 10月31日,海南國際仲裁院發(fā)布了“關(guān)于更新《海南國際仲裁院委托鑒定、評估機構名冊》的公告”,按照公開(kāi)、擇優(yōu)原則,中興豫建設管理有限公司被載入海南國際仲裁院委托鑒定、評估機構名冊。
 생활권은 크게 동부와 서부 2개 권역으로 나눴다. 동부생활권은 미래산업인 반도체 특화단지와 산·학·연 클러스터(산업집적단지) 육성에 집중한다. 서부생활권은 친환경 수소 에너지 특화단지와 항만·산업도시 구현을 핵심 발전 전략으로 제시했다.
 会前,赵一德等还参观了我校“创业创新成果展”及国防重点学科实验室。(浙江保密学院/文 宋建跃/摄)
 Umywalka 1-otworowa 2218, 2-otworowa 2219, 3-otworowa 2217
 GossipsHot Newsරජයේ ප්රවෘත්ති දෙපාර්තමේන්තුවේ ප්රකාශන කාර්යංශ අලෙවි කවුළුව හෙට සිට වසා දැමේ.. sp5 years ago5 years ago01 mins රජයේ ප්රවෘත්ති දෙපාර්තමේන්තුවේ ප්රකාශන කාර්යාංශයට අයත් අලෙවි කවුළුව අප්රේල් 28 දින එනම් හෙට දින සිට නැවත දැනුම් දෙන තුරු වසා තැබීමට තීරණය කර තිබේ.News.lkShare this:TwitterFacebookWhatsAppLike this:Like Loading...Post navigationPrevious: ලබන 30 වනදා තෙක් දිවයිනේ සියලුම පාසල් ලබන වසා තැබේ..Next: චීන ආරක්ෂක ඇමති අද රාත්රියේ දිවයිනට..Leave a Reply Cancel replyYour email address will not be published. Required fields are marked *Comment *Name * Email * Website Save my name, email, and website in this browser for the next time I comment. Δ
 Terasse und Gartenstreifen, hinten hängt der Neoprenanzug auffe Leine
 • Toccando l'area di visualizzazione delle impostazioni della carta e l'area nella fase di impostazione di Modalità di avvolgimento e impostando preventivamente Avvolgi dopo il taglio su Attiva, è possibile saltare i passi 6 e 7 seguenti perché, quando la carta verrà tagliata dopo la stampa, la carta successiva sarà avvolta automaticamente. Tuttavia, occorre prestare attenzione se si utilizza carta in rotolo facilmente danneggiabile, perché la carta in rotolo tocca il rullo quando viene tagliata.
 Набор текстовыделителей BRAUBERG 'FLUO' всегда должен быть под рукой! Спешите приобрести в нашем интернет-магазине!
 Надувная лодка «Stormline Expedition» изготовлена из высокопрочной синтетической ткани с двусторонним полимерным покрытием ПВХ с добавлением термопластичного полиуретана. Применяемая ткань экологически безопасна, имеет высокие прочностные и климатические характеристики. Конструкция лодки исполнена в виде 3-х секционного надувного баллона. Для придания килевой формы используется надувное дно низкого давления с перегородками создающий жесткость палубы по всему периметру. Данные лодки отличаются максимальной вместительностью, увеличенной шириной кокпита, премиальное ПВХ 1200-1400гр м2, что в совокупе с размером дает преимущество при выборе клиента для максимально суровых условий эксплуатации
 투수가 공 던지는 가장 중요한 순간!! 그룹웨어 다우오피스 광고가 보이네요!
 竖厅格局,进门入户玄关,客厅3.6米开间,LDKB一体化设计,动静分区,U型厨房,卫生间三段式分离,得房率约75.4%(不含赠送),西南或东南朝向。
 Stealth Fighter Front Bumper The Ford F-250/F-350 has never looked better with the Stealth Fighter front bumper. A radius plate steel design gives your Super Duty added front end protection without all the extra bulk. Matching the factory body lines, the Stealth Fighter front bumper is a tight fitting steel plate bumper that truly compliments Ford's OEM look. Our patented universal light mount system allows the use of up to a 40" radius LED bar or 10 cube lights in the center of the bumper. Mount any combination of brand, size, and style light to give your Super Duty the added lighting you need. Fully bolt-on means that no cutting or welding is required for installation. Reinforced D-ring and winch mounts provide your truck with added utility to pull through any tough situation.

· · · · · · ·

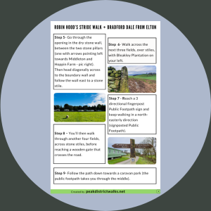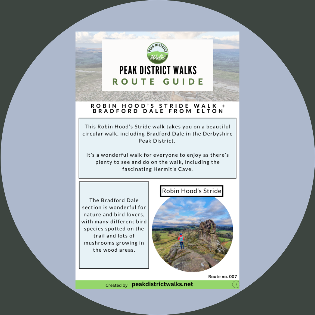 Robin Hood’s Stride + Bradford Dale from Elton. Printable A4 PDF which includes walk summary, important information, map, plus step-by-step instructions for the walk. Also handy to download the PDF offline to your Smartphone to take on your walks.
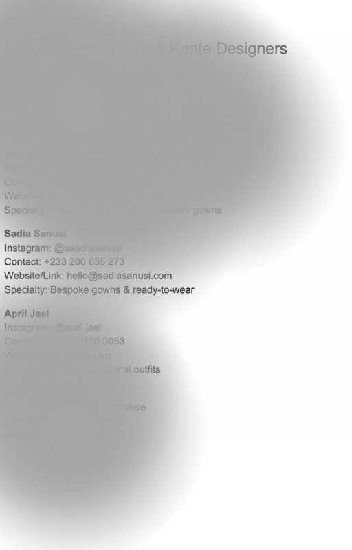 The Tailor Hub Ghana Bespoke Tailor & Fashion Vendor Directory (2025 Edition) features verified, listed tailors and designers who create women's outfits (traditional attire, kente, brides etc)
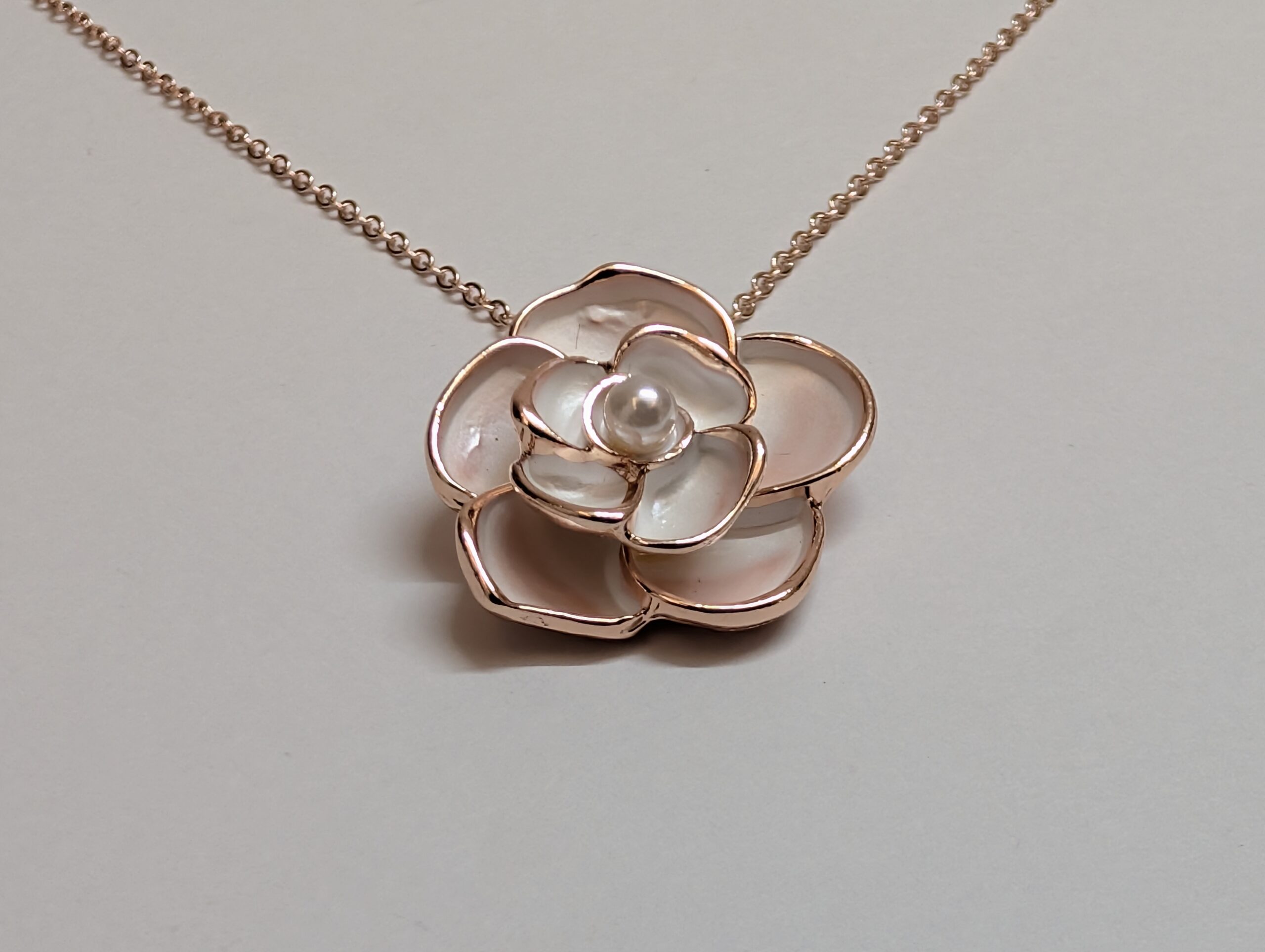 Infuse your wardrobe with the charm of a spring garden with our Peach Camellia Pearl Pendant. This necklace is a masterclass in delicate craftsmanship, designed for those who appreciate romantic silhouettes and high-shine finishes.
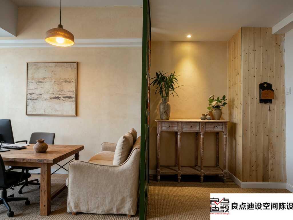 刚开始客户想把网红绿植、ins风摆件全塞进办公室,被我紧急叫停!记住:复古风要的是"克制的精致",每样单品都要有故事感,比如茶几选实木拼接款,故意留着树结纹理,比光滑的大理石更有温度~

· · · · · · ·

_Task to carry out_. From the listing above, repeat exactly the lines starting at the line that includes "10月31日,海南國際仲裁院" and ending at the line that includes "Набор текстовыделителей BRAUBERG", with nothing outside that span.

_Written answer_.
 10月31日,海南國際仲裁院發(fā)布了“關(guān)于更新《海南國際仲裁院委托鑒定、評估機構名冊》的公告”,按照公開(kāi)、擇優(yōu)原則,中興豫建設管理有限公司被載入海南國際仲裁院委托鑒定、評估機構名冊。
 생활권은 크게 동부와 서부 2개 권역으로 나눴다. 동부생활권은 미래산업인 반도체 특화단지와 산·학·연 클러스터(산업집적단지) 육성에 집중한다. 서부생활권은 친환경 수소 에너지 특화단지와 항만·산업도시 구현을 핵심 발전 전략으로 제시했다.
 会前,赵一德等还参观了我校“创业创新成果展”及国防重点学科实验室。(浙江保密学院/文 宋建跃/摄)
 Umywalka 1-otworowa 2218, 2-otworowa 2219, 3-otworowa 2217
 GossipsHot Newsරජයේ ප්රවෘත්ති දෙපාර්තමේන්තුවේ ප්රකාශන කාර්යංශ අලෙවි කවුළුව හෙට සිට වසා දැමේ.. sp5 years ago5 years ago01 mins රජයේ ප්රවෘත්ති දෙපාර්තමේන්තුවේ ප්රකාශන කාර්යාංශයට අයත් අලෙවි කවුළුව අප්රේල් 28 දින එනම් හෙට දින සිට නැවත දැනුම් දෙන තුරු වසා තැබීමට තීරණය කර තිබේ.News.lkShare this:TwitterFacebookWhatsAppLike this:Like Loading...Post navigationPrevious: ලබන 30 වනදා තෙක් දිවයිනේ සියලුම පාසල් ලබන වසා තැබේ..Next: චීන ආරක්ෂක ඇමති අද රාත්රියේ දිවයිනට..Leave a Reply Cancel replyYour email address will not be published. Required fields are marked *Comment *Name * Email * Website Save my name, email, and website in this browser for the next time I comment. Δ
 Terasse und Gartenstreifen, hinten hängt der Neoprenanzug auffe Leine
 • Toccando l'area di visualizzazione delle impostazioni della carta e l'area nella fase di impostazione di Modalità di avvolgimento e impostando preventivamente Avvolgi dopo il taglio su Attiva, è possibile saltare i passi 6 e 7 seguenti perché, quando la carta verrà tagliata dopo la stampa, la carta successiva sarà avvolta automaticamente. Tuttavia, occorre prestare attenzione se si utilizza carta in rotolo facilmente danneggiabile, perché la carta in rotolo tocca il rullo quando viene tagliata.
 Набор текстовыделителей BRAUBERG 'FLUO' всегда должен быть под рукой! Спешите приобрести в нашем интернет-магазине!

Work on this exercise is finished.